▸ **What you should do**:
What are the lines, word for word, from the line with "バーゼル国際歌曲コンクール 世界歌曲大会開催に合わせ、本選会前日に ニュルンベルク音楽大学" up to and including the line with "위의 지원대상 요건을" in the records below? Omit the pictures.

------ The data

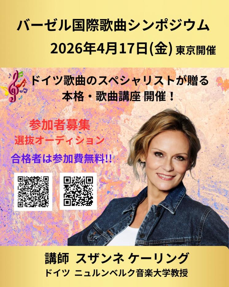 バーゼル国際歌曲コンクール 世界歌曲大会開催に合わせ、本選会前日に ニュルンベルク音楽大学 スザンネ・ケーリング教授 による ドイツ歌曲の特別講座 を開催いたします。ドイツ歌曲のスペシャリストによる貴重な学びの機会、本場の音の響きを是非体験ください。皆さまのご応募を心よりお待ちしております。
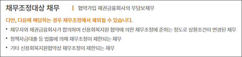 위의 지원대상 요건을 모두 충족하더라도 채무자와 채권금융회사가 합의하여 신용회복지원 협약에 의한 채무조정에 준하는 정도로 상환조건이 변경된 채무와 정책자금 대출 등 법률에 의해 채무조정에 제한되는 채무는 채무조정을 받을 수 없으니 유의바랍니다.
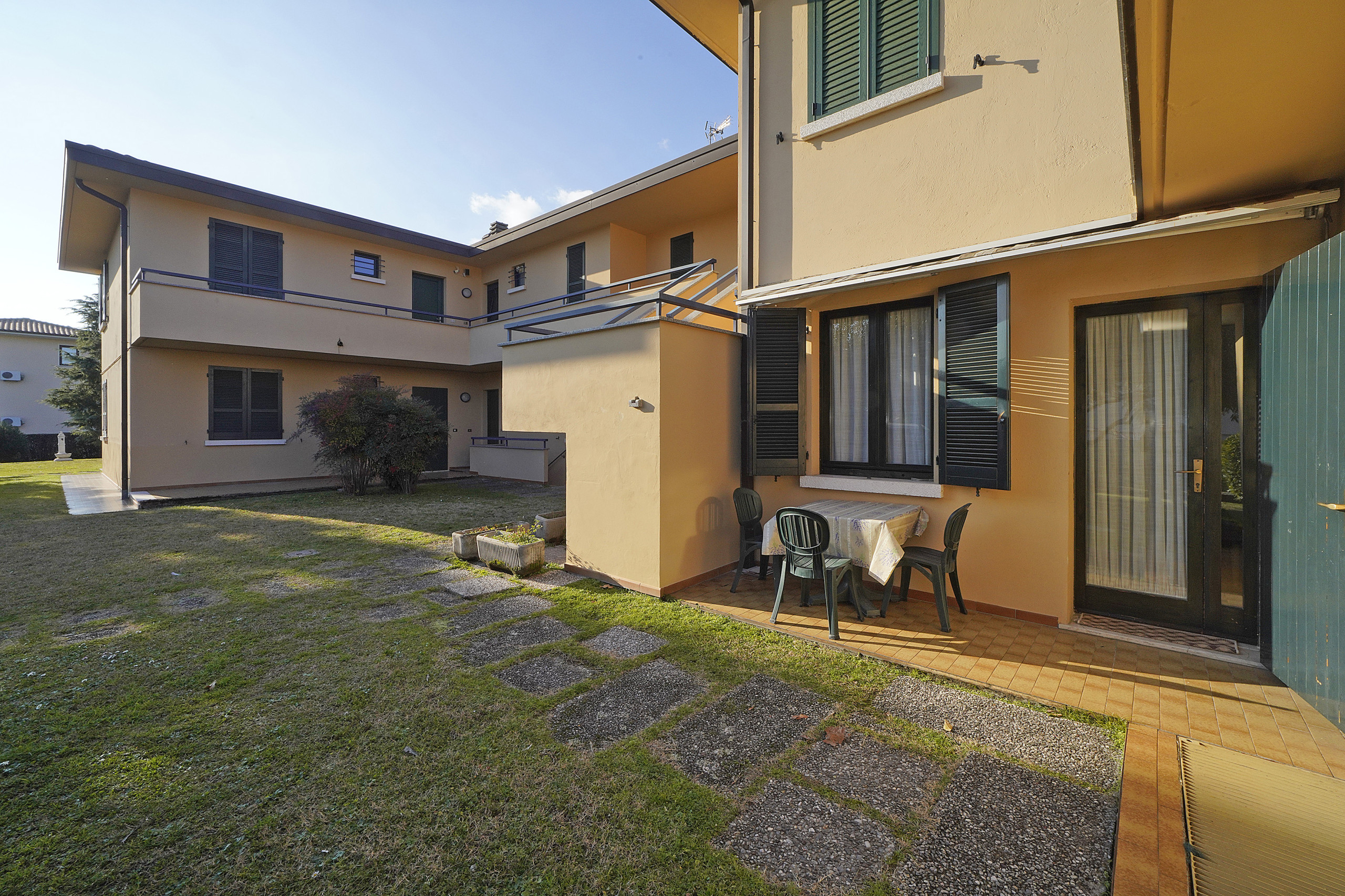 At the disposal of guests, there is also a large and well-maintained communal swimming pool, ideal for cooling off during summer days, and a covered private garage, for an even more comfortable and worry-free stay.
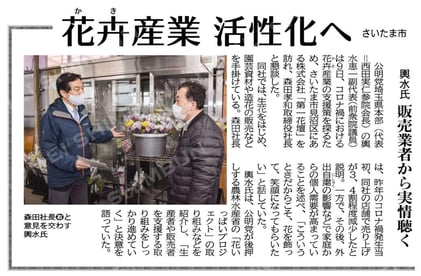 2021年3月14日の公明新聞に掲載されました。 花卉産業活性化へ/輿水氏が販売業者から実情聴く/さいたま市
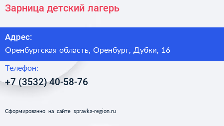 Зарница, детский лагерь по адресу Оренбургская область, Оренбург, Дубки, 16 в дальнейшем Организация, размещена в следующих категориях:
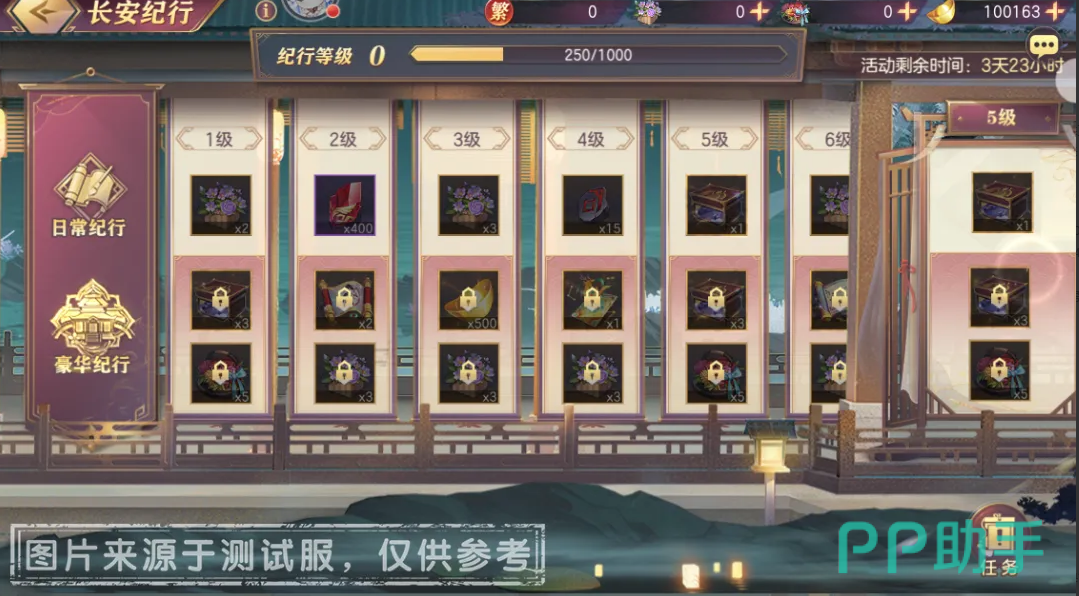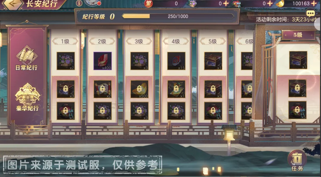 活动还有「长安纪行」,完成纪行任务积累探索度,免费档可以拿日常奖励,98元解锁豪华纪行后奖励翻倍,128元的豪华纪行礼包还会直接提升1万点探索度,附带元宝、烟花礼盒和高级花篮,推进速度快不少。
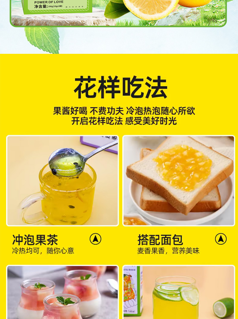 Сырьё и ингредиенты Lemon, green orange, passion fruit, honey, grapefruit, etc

------------
------ The data

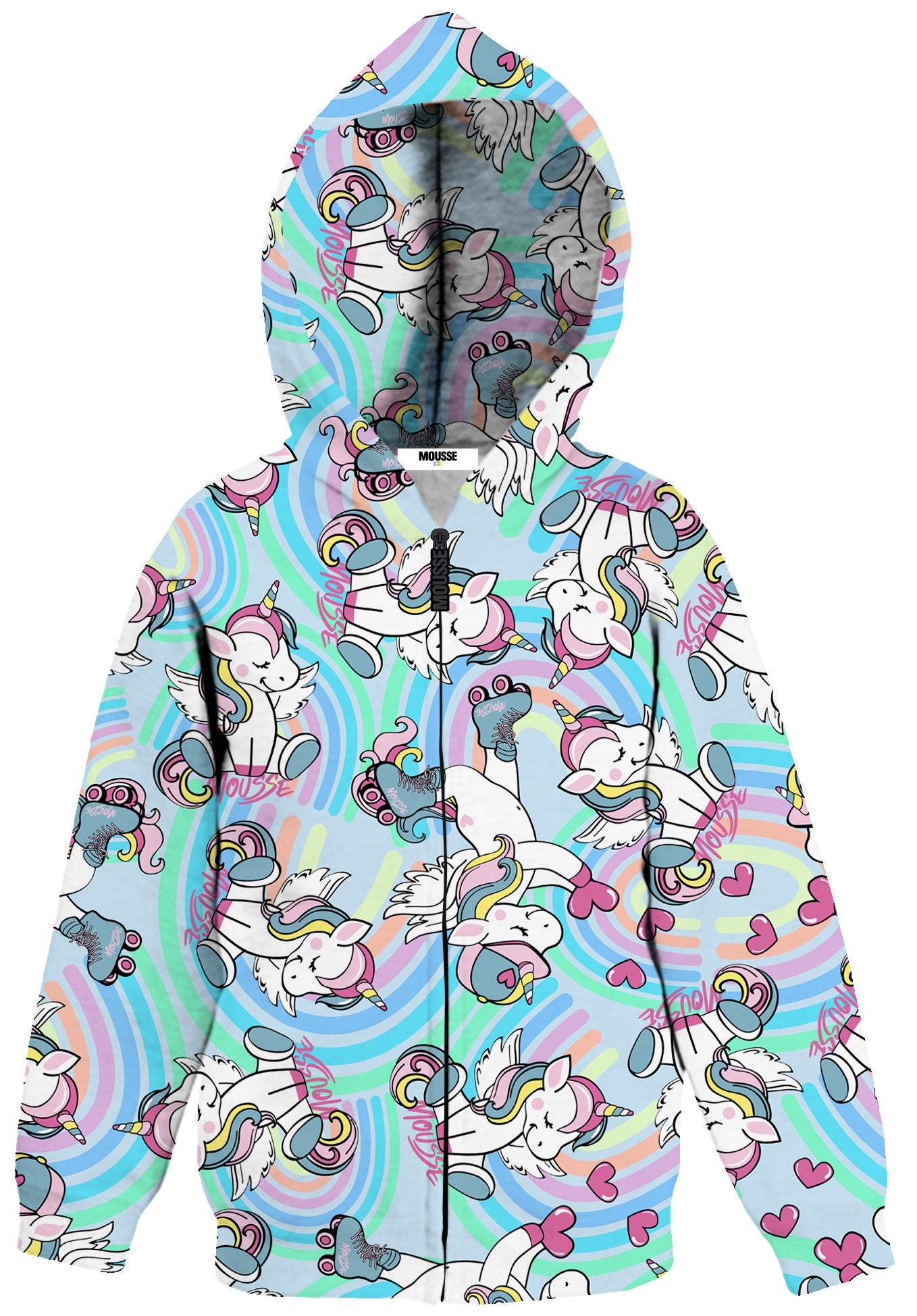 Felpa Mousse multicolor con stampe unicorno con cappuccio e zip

------------
------ The data

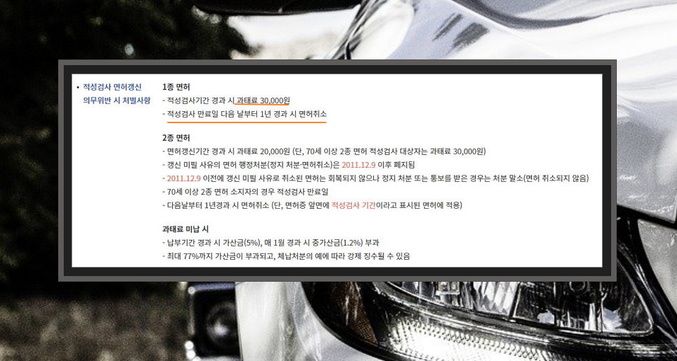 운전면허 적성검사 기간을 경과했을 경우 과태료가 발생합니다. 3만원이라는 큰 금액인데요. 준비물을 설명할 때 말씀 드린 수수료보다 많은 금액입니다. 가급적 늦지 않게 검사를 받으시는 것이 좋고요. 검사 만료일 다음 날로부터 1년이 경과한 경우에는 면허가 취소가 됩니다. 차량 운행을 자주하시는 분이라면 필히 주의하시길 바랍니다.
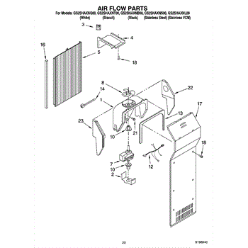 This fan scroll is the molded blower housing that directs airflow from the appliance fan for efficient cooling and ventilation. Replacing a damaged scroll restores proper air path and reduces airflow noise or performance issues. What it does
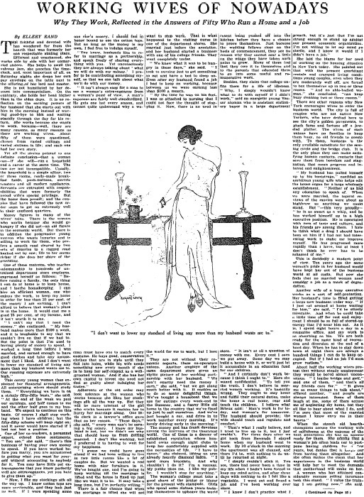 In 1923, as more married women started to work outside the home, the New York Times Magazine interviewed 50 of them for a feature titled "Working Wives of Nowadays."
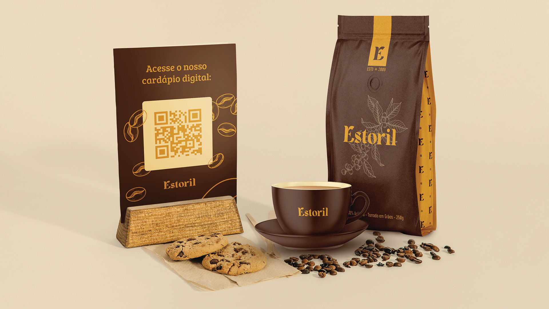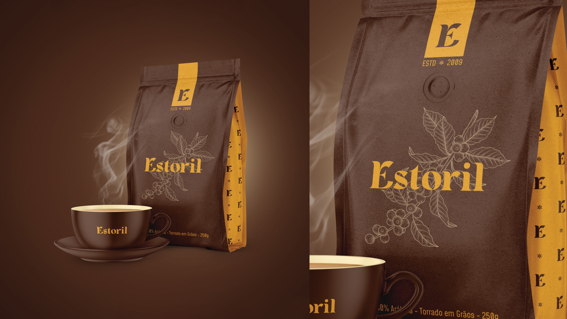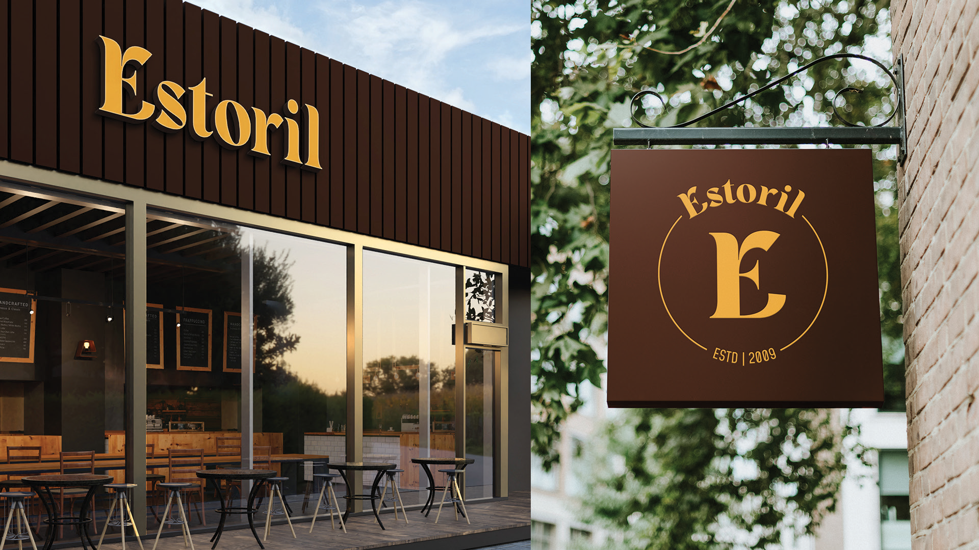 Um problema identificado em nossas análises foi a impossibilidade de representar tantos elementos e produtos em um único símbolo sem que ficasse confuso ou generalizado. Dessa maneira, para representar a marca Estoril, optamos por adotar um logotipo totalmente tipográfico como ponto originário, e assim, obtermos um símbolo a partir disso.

------------

▸ **Solved exercise**:
 バーゼル国際歌曲コンクール 世界歌曲大会開催に合わせ、本選会前日に ニュルンベルク音楽大学 スザンネ・ケーリング教授 による ドイツ歌曲の特別講座 を開催いたします。ドイツ歌曲のスペシャリストによる貴重な学びの機会、本場の音の響きを是非体験ください。皆さまのご応募を心よりお待ちしております。
 위의 지원대상 요건을 모두 충족하더라도 채무자와 채권금융회사가 합의하여 신용회복지원 협약에 의한 채무조정에 준하는 정도로 상환조건이 변경된 채무와 정책자금 대출 등 법률에 의해 채무조정에 제한되는 채무는 채무조정을 받을 수 없으니 유의바랍니다.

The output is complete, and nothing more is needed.